Can you please suggest changes to the following function, so that it returns correct mouse position in Revit model coordinates in a 3D view?

  XYZ GetMousePoint()
    var view = this.HostApplication.ActiveUIDocument.ActiveView;
    var uiView = GetActiveUiView( this.HostApplication.ActiveUIDocument );
    var corners = uiView.GetZoomCorners();
    var rect = uiView.GetWindowRectangle();
    var p = Cursor.Position;
    var dx = (double) (p.X - rect.Left) / (rect.Right - rect.Left);
    var dy = (double) (p.Y - rect.Bottom) / (rect.Top - rect.Bottom);
    var a = corners[ 0 ];
    var b = corners[ 1 ];
    var v = b - a;
    var q = a
      + dx * v.X * XYZ.BasisX
      + dy * v.Y * XYZ.BasisY;
    return q;

Answer: To handle the 3D view projection, you will have to apply the appropriate 3D view orientation transform to the mouse input coordinates. That is not completely trivial...

In any case, here is RevitJigSample.zip with the 2D sample code for your reference.

The code is based on the IDirectContext3DServer, in which we push graphics to the Revit graphics pipeline and remove when done.

Many thanks to Kailas for sharing this useful demo!

Creating Reports from AutoCAD and Revit

Quick end user oriented Q & A on AEC reports and dashboards:

Question: I am searching a product to create reports and insights from data generated by AutoCAD and Revit to bridge between construction engineering and business divisions. Where can I look?
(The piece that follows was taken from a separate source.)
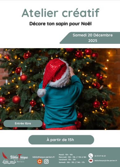 L’équipe de la bibliothèque a le plaisir de vous convier à son atelier de Noël, tout public, le samedi 20 décembre de 15h à 17h. Fabriquez des décorations pour votre sapin, partagez un moment chaleureux autour d’un goûter offert par la municipalité et vivez la magie des fêtes en créant ensemble. Le matériel est fourni.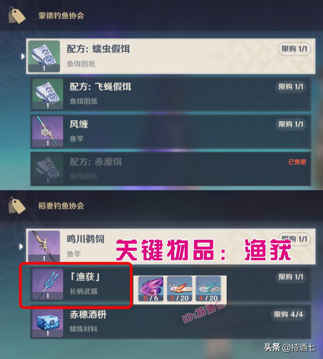 其中,钓鱼者主要是冲渔获来的,这是一把四星的高属性长柄武器,适合没有专武的雷电将军使用。

Answer: Construction.Autodesk.com has information about the entire Autodesk portfolio of products for the construction space. Specifically, you can take a look at Assemblesystems.com. Assemble is capable of aggregating data from AutoCAD, Revit and Navisworks. After that, you can use Power BI integration to create a Dashboard to share results with stakeholders.

RevitApiDocs Statistics

Gui Talarico has put in a lot of work in recent years providing and maintaining the Revit API documentation online:

I just asked him about support for the Revit 2021 API and future releases, and it seems like Gui is happy to help with that.

In the process, he shared some usage statistics from the revitapidocs web site that may be of interest to others as well:

RevitApiDocs statistics

Many thanks to Gui for all his work providing us with these invaluable online API docs!

Stop Using JavaScript CDN

Terence Eden presents some very valid reasons against using a third party Content Delivery Network in his encouragement to please stop using CDNs for external JavaScript libraries.